**PROMPT**
Once the line holding "Zweiteilige Gebetskleidung mit" is written out, stop; begin at the first line of the material below and retype exactly, dropping pictures.

**EXTRACTED RECORDS**
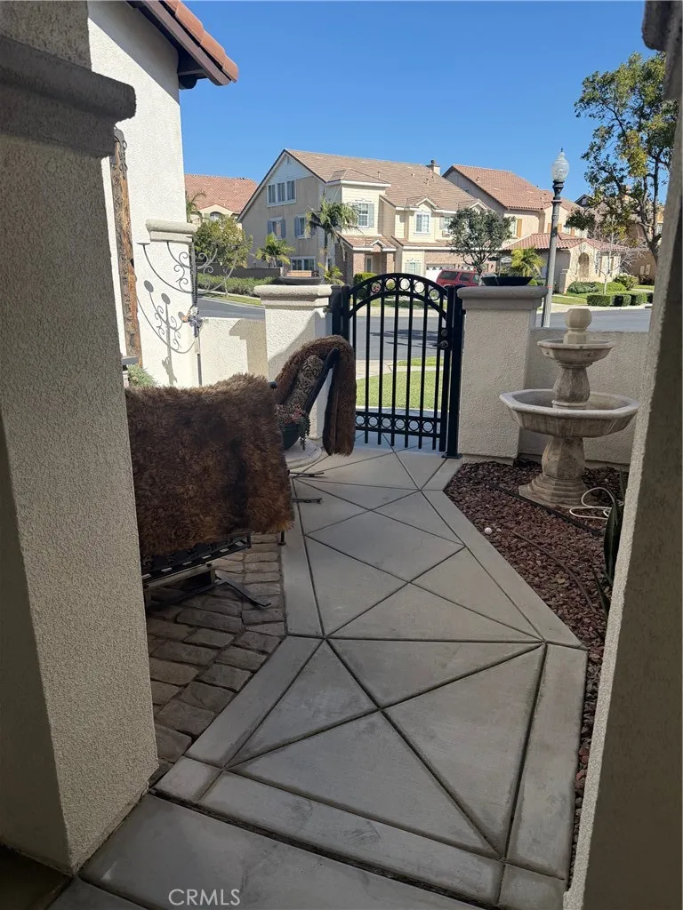 Beautiful 4BD/3BA Spanish-style home in the prestigious gated and 24-hour patrolled Shady Trails community of North Fontana. Situated on a private wrap-around corner lot with Italian Cypress, fruit-bearing olive trees, and scenic mountain views. Features include custom lighting and cabinetry, Viking appliances, granite countertops, wood flooring, hand-crafted barn doors, custom paint, and custom vanities in secondary baths. Open floor plan with striking loft and abundant natural light. Spacious primary suite with sitting area, dual vanities, and large jetted tub. Enjoy year-round outdoor living with a full-length covered patio with pergola caps and a private gated courtyard with fountain. 2-car garage with tandem parking and storage. Resort-style community amenities include clubhouse, fitness center, pool, tennis courts, playground, and BBQ areas.
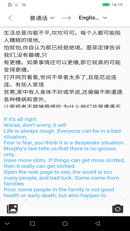 3、拍照翻译:通过手机摄像头拍摄外文资料,APP会自动识别图片中的文字并进行翻译。支持菜单、路牌、说明书等多种场景,翻译结果可保存至本地,方便随时查阅。
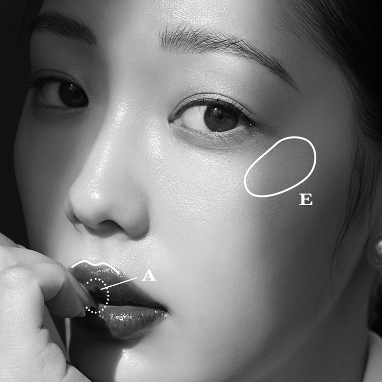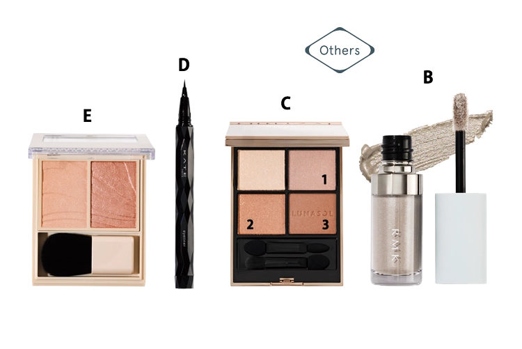 Eの2色を混ぜて、ほおのいちばん高い部分にだ円に小さくミニマムにつけて素肌感をなるべく残す。
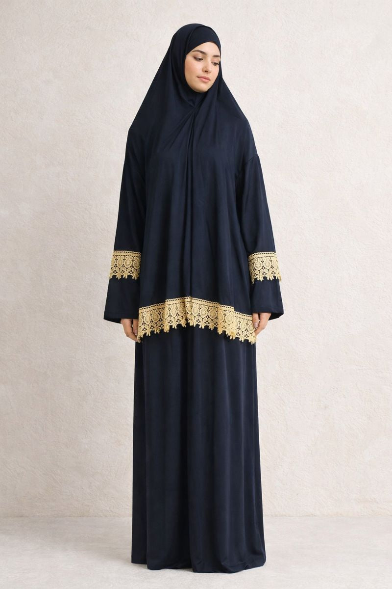 Zweiteilige Gebetskleidung mit Spitze - Marineblau
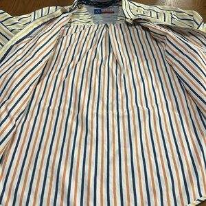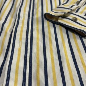 Stylish men's shirt featuring a classic striped design. The combination of yellow, blue, and white colors adds a vibrant touch to your wardrobe. Perfect for both casual and formal occasions. Cowboy collection, thick, sturdy material. Perfect condition.
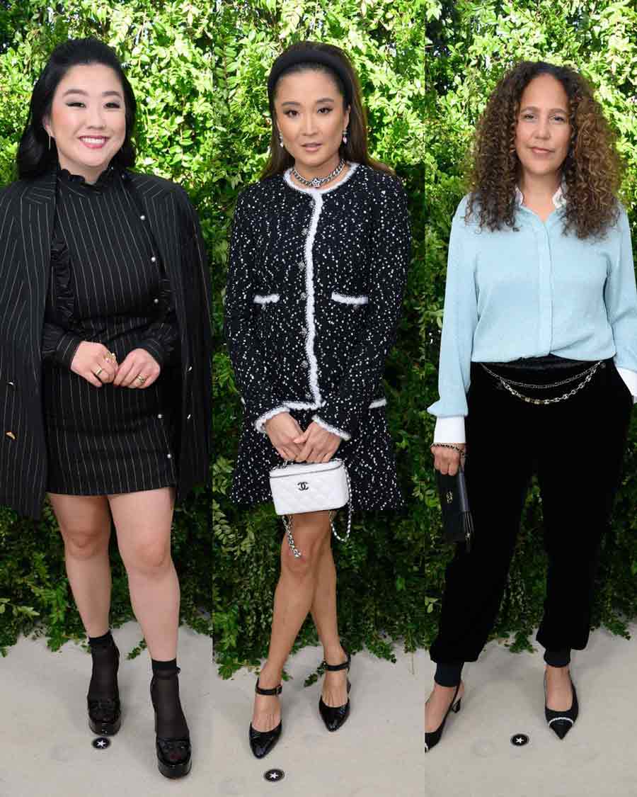 (L-R) Chinese-American actress Sherry Cola showed up in a black pinstripe dress with a long matching blazer on top. Emily in Paris star Ashley Park wore a classy black-and-white skirt-and-blazer set with white accents, completing her look with a white Chanel handbag. The Woman King director Gina Prince-Bythewood sported a power blue top with black pants.
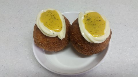 이탈리아의 주먹밥 아란치니를 만들었습니다 어설픈 플레이팅 한다고 머스타드와 마요네즈로 모양을 냈습니다 ^^
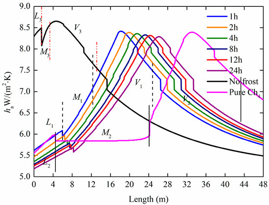 The overall convective heat transfer coefficient is one of the comprehensive standards for evaluating the heat-transfer performance of the AAV. On the one hand, the extreme phase change of the LNG inside the tube has a heavy impact on the overall heat transfer; on the other hand, it is also affected by the number and area of fins. As Figure 11 shows, in the pure liquid phase, under the no-frost condition can reach up to 115.71 , which is 3.5 times of 33.1 of frost condition under multi-component fluid, and 2.7 times of 43.5 of frost condition under single-component fluid. can reach up to 155.6 at the end of the mixed phase. While in frost condition, it decreases to 143.3 under the multi-component fluid and 119 under the single component. Compared with the no-frost condition, the frost deposition on the finned tube caused by the multi-component increased the designed length of the finned tube in AAV by 44.5%. Compared with the two types of fluid under frost conditions, the designed length of the finned in AAV was caused by the pure , which increased it up to 42.5%. Therefore, it can be concluded that the frost layer has a serious impact on the deterioration of its heat-transfer performance, and the designed length of the AAV can be shorter under the real LNG when the AAV is in operation.
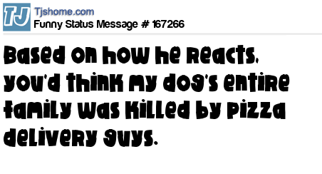 X says Based on how he reacts, you'd think my dog's entire family was killed by pizza delivery guys.

**RESPONSE TO THIS TASK**
 Beautiful 4BD/3BA Spanish-style home in the prestigious gated and 24-hour patrolled Shady Trails community of North Fontana. Situated on a private wrap-around corner lot with Italian Cypress, fruit-bearing olive trees, and scenic mountain views. Features include custom lighting and cabinetry, Viking appliances, granite countertops, wood flooring, hand-crafted barn doors, custom paint, and custom vanities in secondary baths. Open floor plan with striking loft and abundant natural light. Spacious primary suite with sitting area, dual vanities, and large jetted tub. Enjoy year-round outdoor living with a full-length covered patio with pergola caps and a private gated courtyard with fountain. 2-car garage with tandem parking and storage. Resort-style community amenities include clubhouse, fitness center, pool, tennis courts, playground, and BBQ areas.
 3、拍照翻译:通过手机摄像头拍摄外文资料,APP会自动识别图片中的文字并进行翻译。支持菜单、路牌、说明书等多种场景,翻译结果可保存至本地,方便随时查阅。
 Eの2色を混ぜて、ほおのいちばん高い部分にだ円に小さくミニマムにつけて素肌感をなるべく残す。
 Zweiteilige Gebetskleidung mit Spitze - Marineblau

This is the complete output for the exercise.